# Just a hypothetical question about satellite tv



## mkdtv21 (May 27, 2007)

I don't ever want to try this or ever want to in the future and don't know if it's even possible. I would just like to know if some one had the money and lots of land could they set up a system to legally receive channel's from the master satellite feeds from the content providers? How many satellite's would you need? How much would the satellite's cost and what kind of equipment would you need and how much would you have to pay the content providers to decrypt all the channels.


----------



## RBA (Apr 14, 2013)

Your question doesn't make much sense. A dish of less than 30 inches can receive the satellite signals from DISH or Directv a subscription fee of less than $150 can probably cover the channels you would want to subscribe to.
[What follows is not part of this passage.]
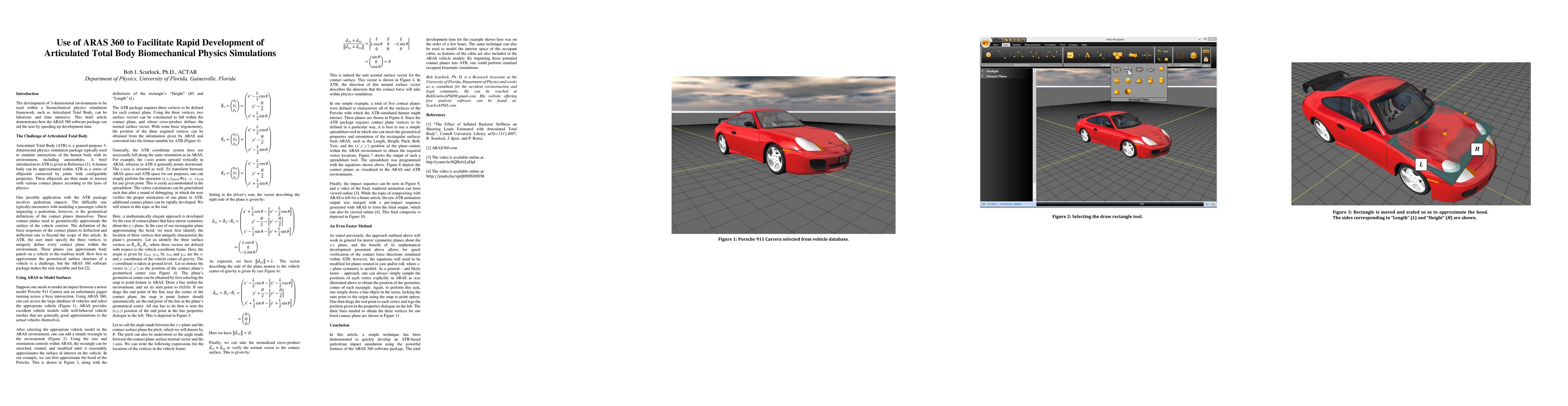 The development of 3-dimensional environments to be used within a biomechanical physics simulation framework, such as Articulated Total Body, can be laborious and time intensive. This brief article demonstrates how the ARAS 360 software package can aid the user by speeding up development time.

Now if I took your question literally buying satellites would cost millions of dollars.


----------



## SamC (Jan 20, 2003)

If you are asking "how much to eliminate the 'middleman' of DirecTV, DISH, cable, etc and just receive the signals the way they do?" Then that is, essentially, what Sat. TV was in the BUD era. BUD equipment is still out there, and you could pretend it is 1985 and there you go. But the technical limitations would make it unpleasurable.


----------



## dpeters11 (May 30, 2007)

And isn't less and less of it transmitted over satellite? There also are encryption issues.


----------



## Stewart Vernon (Jan 7, 2005)

At least some of the channels send their signals to Dish by fiber-optic direct feeds I believe... so there would be no way to pick those up via satellite if they aren't transmitted that way.

That said... no matter how you slice it, it seems like even if possible it would be more costly than just subscribing to Dish or DirecTV.


----------



## inkahauts (Nov 13, 2006)

I think you guys are missing his question. 
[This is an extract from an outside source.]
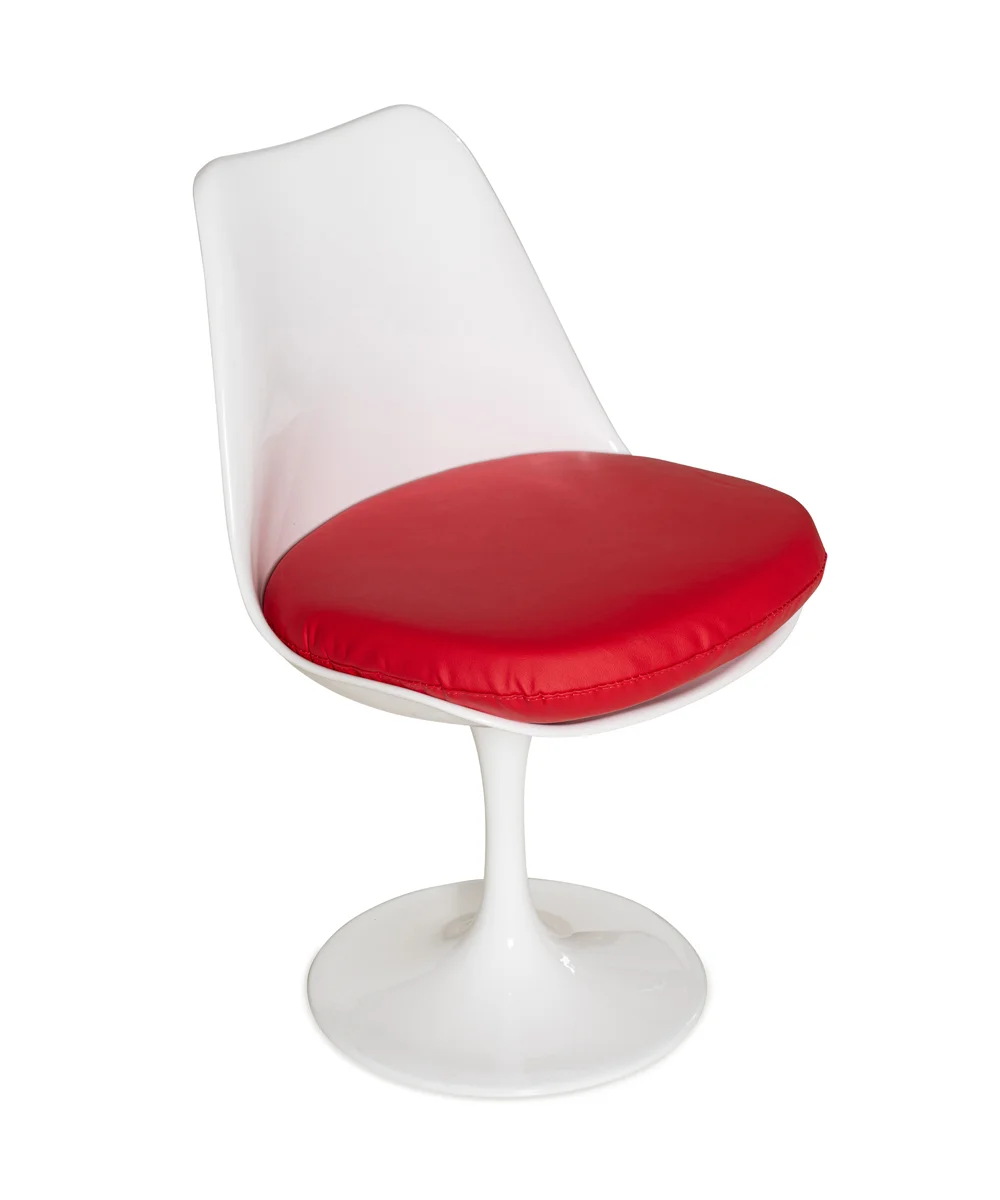 כסא מעצבים עשוי פלסטיק יצוק בשילוב רגל ׳׳קונוס׳׳ עשויה ברזל. מושב מרופד כרית דמוי עור עבה ונוחה במיוחד בצבע אדום.
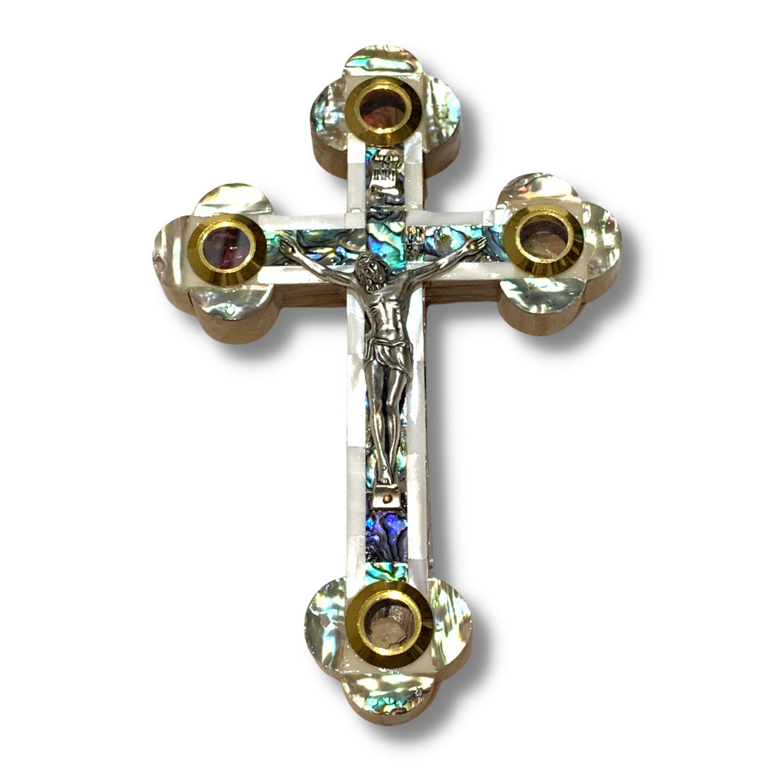 Mother of Pearl Olive Wood Jerusalem Crucifix

And I believe the answer is no. Almost everything is encrypted now so you'd need a decoder for it al. And no channel
Is going to give that description ability to any consumer. 

In the olds days yes because they didn't even encrypt it. but not now.


----------



## KyL416 (Nov 11, 2005)

There's also multiple modulation and encryption formats out there. Even if you get past the hurdle of getting channels to sell to you directly, you'll need recievers capable of receiving and decrypting multiple formats like Digicipher, PowerVu, Director and Videoguard if you want to use the master feeds and not get everything repackaged by HITS. Back in the BUD days all you got were channels using Videocipher and Digicipher, if a channel was using anything else you couldn't get it unless your supplier made a deal with a redistributor like HITS.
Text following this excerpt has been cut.